Model checking, model verification and debugging are the three methods to improve the correctness of a model or to find out potential errors in it.
Model checking checks the correctness of a model by means of formal property proving. This checking does not depend on individual experiments. The properties, such as reachable states and acceptable event lists, are always true for the model. Model verification checks the correctness of a model by means of multiple simulations. The common properties of those simulations are summarized and are regarded as properties of the model. For example, the states that are not entered in all those simulations are considered unreachable states of the model. However, this conclusion may not be correct because of the non-exhaustive sampling of all possible behaviors. In fact, to achieve 100% certainty for a single property, an infinite number of simulations are usually required. Those simulations exhaust all possible traces of the model simulation. This is, of course, impossible. As a result, model verification is less formal than model checking. Debugging is the least formal in this comparison, since it is responsible for only one simulation or one group of simulations. When an error occurs in a simulation, the debugger usually looks inside the faulty part of the model to locate the error.

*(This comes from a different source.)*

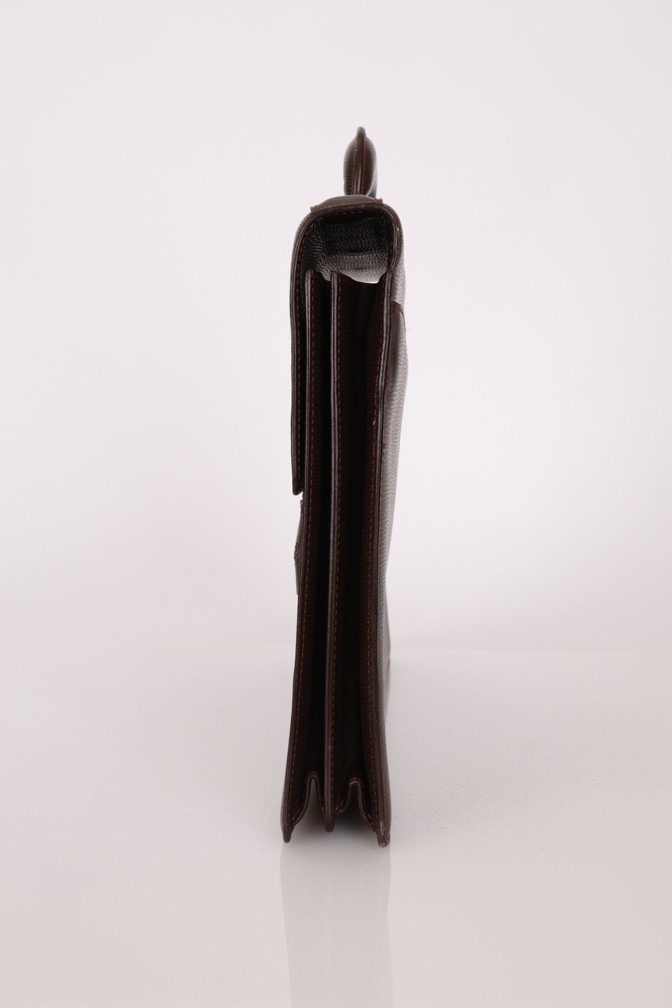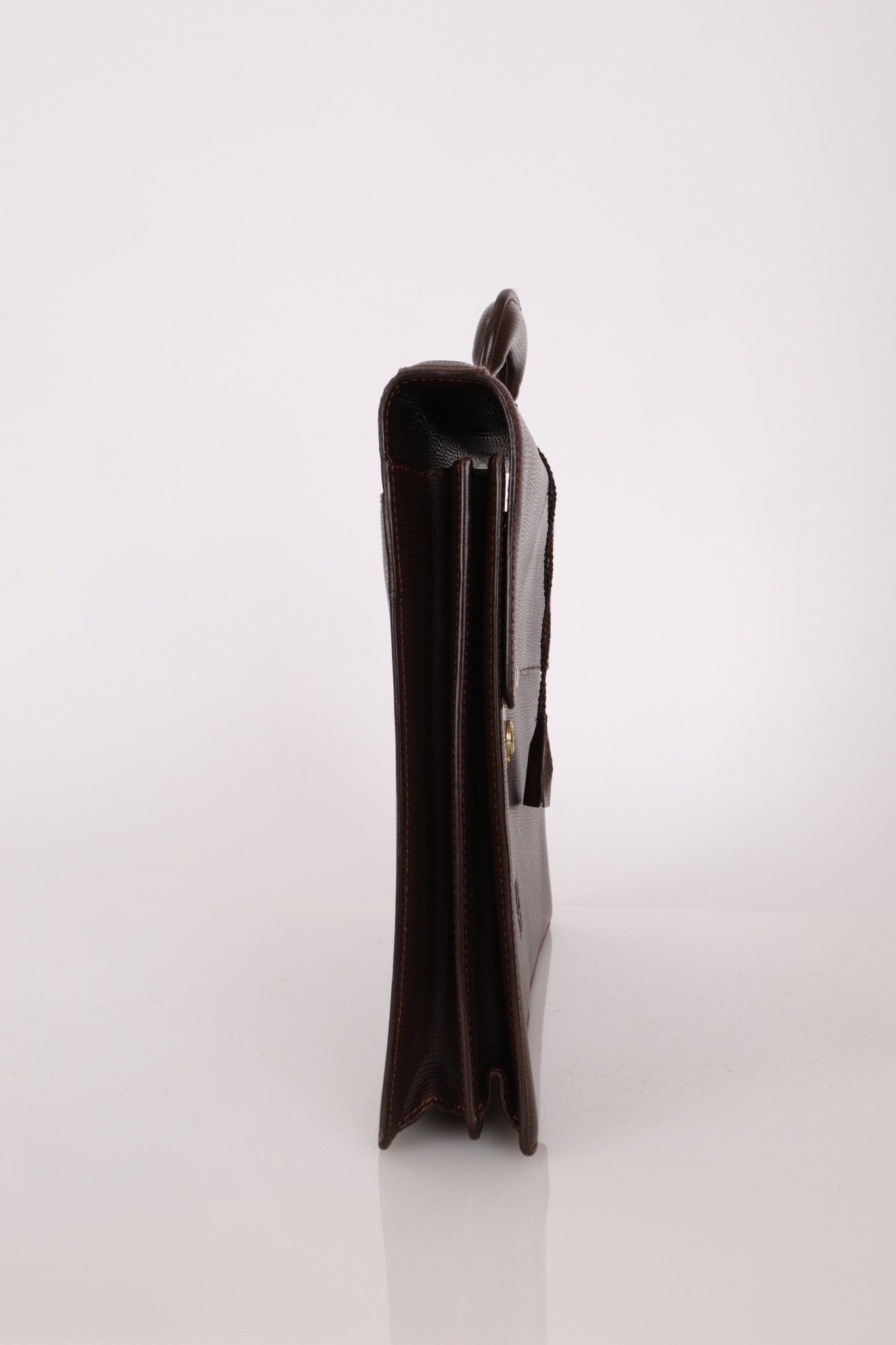 Light scratches on hardware. Normal wear on leather. Rubbing on briefcase top handle & corners.

When a design error is discovered, the debugger tries to fix it without affecting the other parts. However, this is usually impossible, and the result of this modification becomes unpredictable.
This chapter mainly discusses model verification, as it is the most well-studied approach. Our paper on consistency checking  contains a general discussion and an example of model verification with SVM. Formal model checking of DCharts is interesting and useful for many applications. It will be studied in the future. Debugging of DCharts models in the SVM simulator has been discussed in the previous chapter.